Образовательная политика российских имперских властей на западных окраинах затрагивалась исследователями в рамках обобщающих исследований, посвященных как общему имперскому измерению российской истории [6; 7; 8, с. 15], так и эволюции модели управления конкретными западными окраинными регионами в XIX - начале XX в. [9; 10]. Причем значительная часть ученых приходит к выводу о наличии в имперской политике значительного конструктивного потенциала, обеспечивавшего не только целостность имперского пространства, но и постепенную интеграцию окраинных сообществ, достигавшуюся в том числе посредством активно развивавшейся образовательной системы. Непосредственному анализу различных аспектов ее развития в период, предшествовавший Январскому восстанию, и в период генерал-губернаторства М.Н. Муравьева в Северо-Западном крае посвящены исследования А.А. Комзо-
ловой, указывавшей на значительное внимание, уделявшееся вопросу народного просвещения во время наиболее острой фазы русско-польского противостояния в рассматриваемый период [11; 12]. Образовательная политика имперских властей на западных окраинах была тесно связана с проблемой противодействия распространению католицизма и укрепления позиций православной церкви региона, что обусловило обращение к данным сюжетам исследователей, изучавших конфессиональную ситуацию в регионе в указанный период и связанные с ней противоречия и конфликты [13; 14].
Культурно-просветительская и образовательная политика имперских властей в северозападных регионах России рассматривается в ряде исследований современных белорусских и литовских ученых, большинство из которых, не отрицая наличия неконфликтных, «культурных» методов регионального управления, подчеркивают, что российская государственность не обладала достаточным цивилизационным потенциалом для того, чтобы успешно русифицировать край и стать привлекательной для местного населения [15-19].
Если политика имперских властей в образовательной сфере, проводившаяся в 1860-х гг. в западных окраинных регионах, когда закладывались ее основные тенденции, изучена достаточно подробно, то ее развитию и эволюции в последние десятилетия XIX - начале XX в. уделяется значительно меньшее внимание, что и определило цель данной статьи. Исходя из указанного состояния исследовательского поля проблемы, представляется целесообразным рассмотреть данный сюжет в контексте анализа неконфликтных форм интеграции западных окраин, что позволит составить более полное представление о характере и формах правительственной политики, направленной на обрусение и унификацию окраин Российской империи, а также решить целый ряд исследовательских задач, связанных с выявлением различных ин-тегративных методов, применяемых имперской администрацией в отношении различных групп населения западных окраинных регионов.

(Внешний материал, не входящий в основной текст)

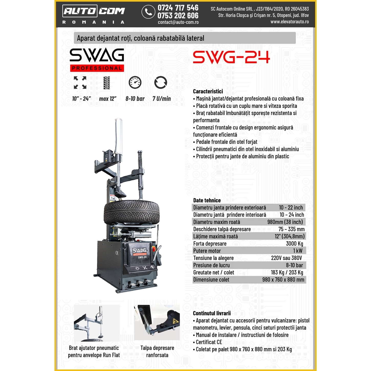 Etichete: Masina dejantat roti cu brat anvelope run-flat, Aparat dejantat profesional cu brat anvelope run-flat, SWAG, SWG-24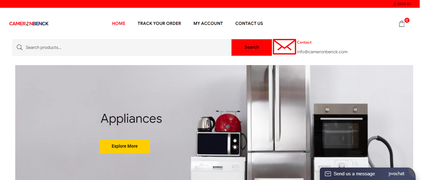 Cameronbenck located at Cameronbenck.com is an online store that is selling various products such as laptops, microwaves, laundry pedestal drawer, vacuum, etc. And these products are sold at a suspicious discount rate.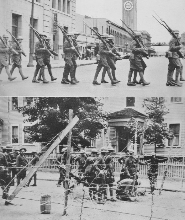 | To maintain law and order, which was beyond the ability of the police, nearly two-thirds of the states were forced to call out the National Guard in 1934, thus adding to the American tax burden. (Above) California National Guard on waterfront, San Francisco, during the general strike. (Below) National Guardsmen erecting barbed wire barricade in street at Saylesville, R. I., to prevent repetition of bloody riots in which a score of pesons had been injured. |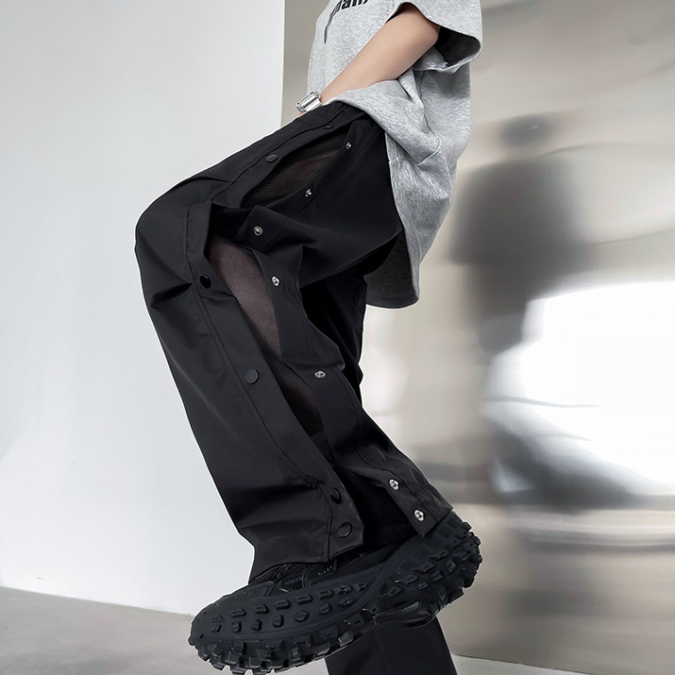 美式拼接网眼排扣冲锋裤男春夏季工装户外登山裤潮流休闲运动长裤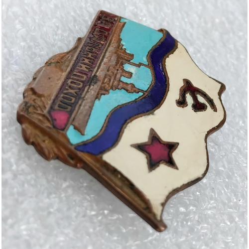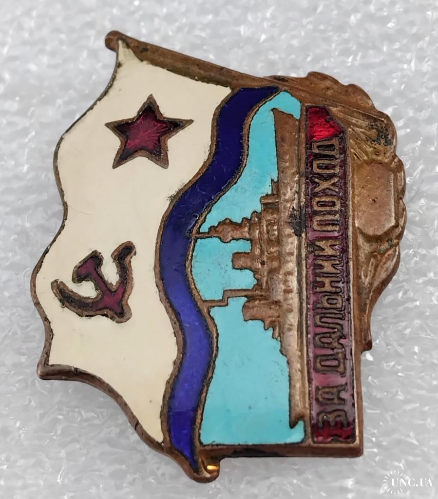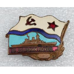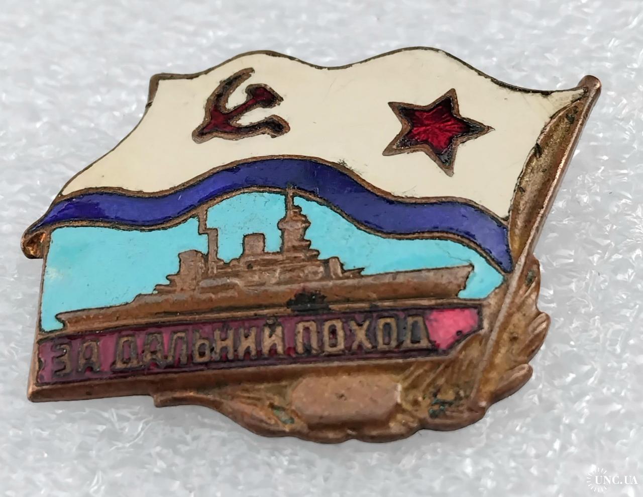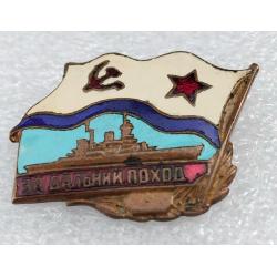 1961-1980☝️Знак 'За дальний поход' из ранних,диапазона 1970г. (тяжмет).Для моряков надводного флота.
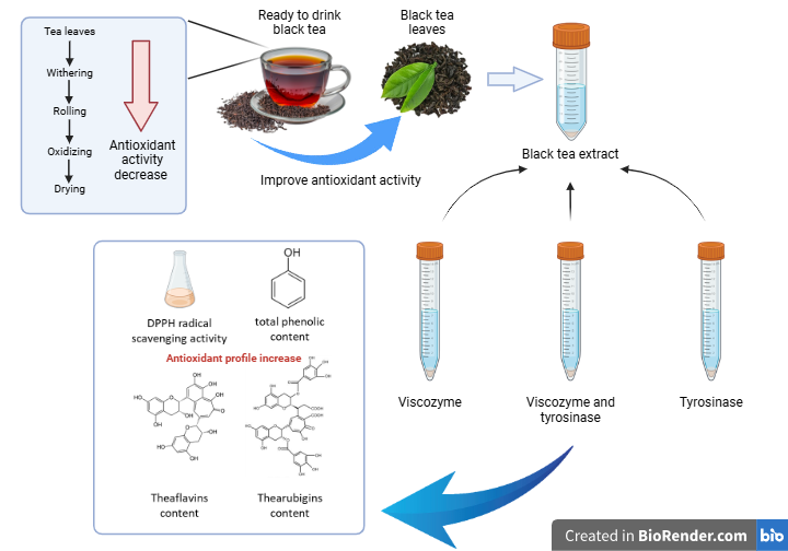 The problem with ready-to-drink (RTD) black tea is a long manufacturing process and contains phenolic compounds and low antioxidant activity due to the enzymatic oxidation process. Viscozyme is an enzyme that degrades plant cell walls during extraction so that it releases active components from the cell wall, such as phenolic contents and antioxidant activity. Meanwhile, tyrosinase includes the polyphenol oxidase enzyme, which can take advantage of catechins conversion into theaflavins and thearubigins. This study aimed to determine the addition of viscozyme and tyrosinase combination to increase the content of phenolic compounds, antioxidant activity, and improve the appearance of black tea (color). The study used young leaves that had their enzymes inactivated was added with viscozyme to fresh tea leaves extract. The tea extract that had been given viscozyme was then added with tyrosinase, and the incubation was carried out. The addition of tyrosinase with higher concentrations (3,571 U/mL) and longer incubation times (40 min) decreased total phenolic contents, antioxidant activity using DPPH free radical scavenging method, increased tea cream formation (precipitation that forms as the tea cools), the compound of theaflavins, thearubigins, and TF:TR ratio (comparison of theaflavins and thearubigins contents) in tea extracts that had been treated with viscozyme. The combination of viscozyme and tyrosinase gave higher total phenolic compounds, antioxidant activity, theaflavins, thearubigins content, and TF:TR ratio compared to control and could prevent the formation of tea cream. The use of viscozyme 250 µL and tyrosinase 3,571 U/mL for 20 min on ready-to-drink black tea gave the best effects in this study.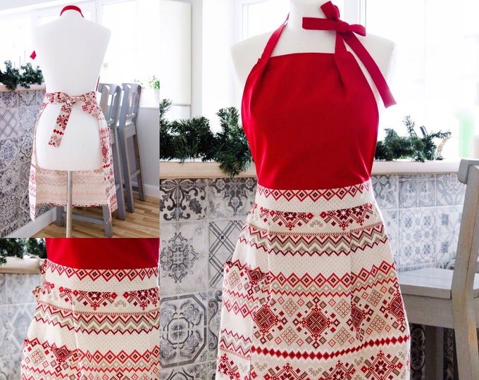 Christmas print full apron for women, Christmas gift, Christmas apron

Актуальность данной темы обусловлена вневременным значением исследования различных форм интегративного воздействия государственного центра на регионы. В их числе немаловажное значение имеет образовательная и культурно-просветительная политика, умелое применение которой может привести к успешному и неконфликтному формированию государ-
ственной идентичности и внедрению в сознание населения единых государственных ценностей. Российская имперская администрация накопила богатый опыт управления этническим многообразием, элементы которого не утратили своего значения и в настоящее время.
Идейно-концептуальные основы стратегии «мягкой силы» империи и применения неконфликтной модели управления западными окраинами стали складываться в середине XIX в. в виде оформления в русской общественной мысли примирительной стратегии национальной политики, происходившего на фоне либерализации политического режима первых лет царствования Александра II. Во второй половине 1850-х - начале 1860-х гг. российская общественность стремилась преодолеть давнюю русско-польскую конфронтацию путем налаживания русско-польского диалога и совместной культурно-просветительной деятельности. В это время, по словам видного российского ученого и общественного деятеля К.Д. Кавелина, «мало-помалу возникла в лучших, просвещеннейших умах обеих наций... мысль о необходимости оставить вражду, прийти к взаимному разумению, любви и единению» [20].
Однако польское дворянство западных губерний понимало начавшуюся политику «примирения» по-своему и, пользуясь либерализацией правительственного курса, стремилось в полном объеме восстановить свое культурное господство в регионе. Оно настоятельно требовало снять все ограничения, наложенные на образовательную сферу края после подавления Ноябрьского восстания 1830-1831 гг., вернуть в нее польский язык и полностью передать дело народного просвещения в руки местного польского дворянства [21, с. 70-74].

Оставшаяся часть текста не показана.